Most real world data contain some (or many) missing values. It's always a good idea to inspect the amount of missingness for avoiding unpleasant surprises later on. In order to do so, SPSS has some missing values functions that are mostly used with COMPUTE, IF AND DO IF. This tutorial demonstrates how to use them effectively. We'll do so by using the last 5 variables in hospital.sav.

## Setting User Missing Values

Before discussing SPSS missing values functions, we'll first set 6 as a user missing value for the last 5 variables by running the line of syntax below. missing values doctor_rating to facilities_rating (6).

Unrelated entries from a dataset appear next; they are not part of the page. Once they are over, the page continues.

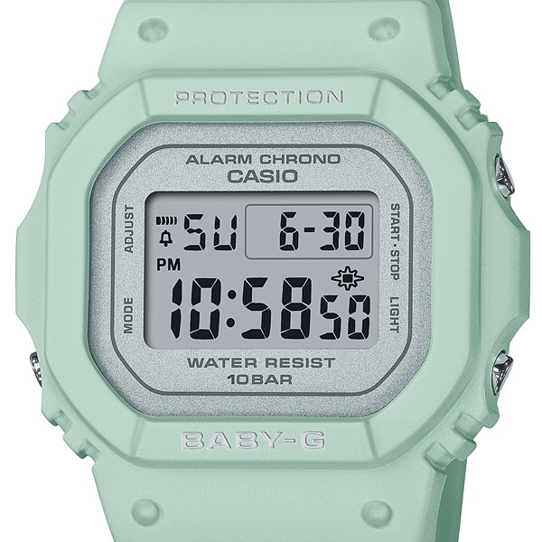 アクティブな女性に向けた耐衝撃・カジュアルウオッチBABY-Gから、春の季節にぴったりのフラワーカラーに彩られたモデルです。ベースモデルには、コンパクトなサイズが人気のBGD-565をセレクト。カラーは3色。それぞれ、「ライラック」「セージ」「桜」をイメージしてご用意しました。ライラックとセージをモチーフにした2モデルは、フェイスまで同系色のワントーンスタイルにしました。桜をイメージしたバイカラーモデルは、ホワイトとペールピンクで普段使いしやすい落ち着いた印象に。ダイアルには光沢感のあるパール塗装を施し、華やかさをプラスしました。春気分をより一層盛り上げてくれるウオッチです。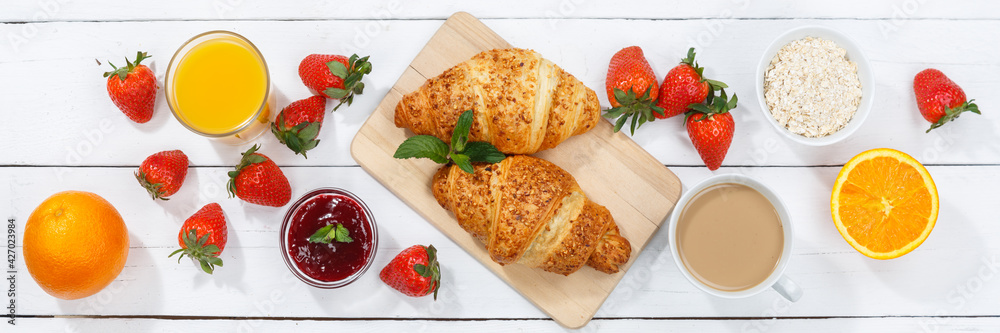 Croissant breakfast croissants orange juice coffee food wooden board from above banner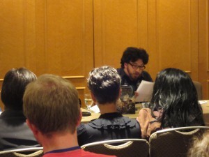 As an interested and slightly worried acquaintance I had heard him read from Throne of the Crescent Moon at the World Fantasy Convention in 2010. As his friend I got to hear him read his new short story, “Without Faith, Without Law, Without Joy” at Worldcon last Saturday. It was the first time I’d heard the work, and I was greatly impressed not just by his delivery, but by the story itself. He was aided by historical re-enactor Tom Nanson, reading from Spenser’s Faerie Queen with great authority and proper diction (not to mention a fantastic costume).

## SPSS Missing Values Functions

Expression | Meaning | Returns |
---|---|---|

MISSING | Evaluate whether value is system missing or user missing | True or false |

SYSMIS | Evaluate whether value is system missing | True or false |

NMISS | Return number of missing values over variables | Numeric value |

NVALID | Return number of valid values over variables | Numeric value |

## SPSS MISSING Function

**SPSS MISSING function evaluates whether a value is missing** (either a user missing value or a system missing value). For example, we'll flag cases that have a missing value on doctor_rating with the syntax below.If the COMPUTE command puzzles you, see Compute A = B = C for an explanation.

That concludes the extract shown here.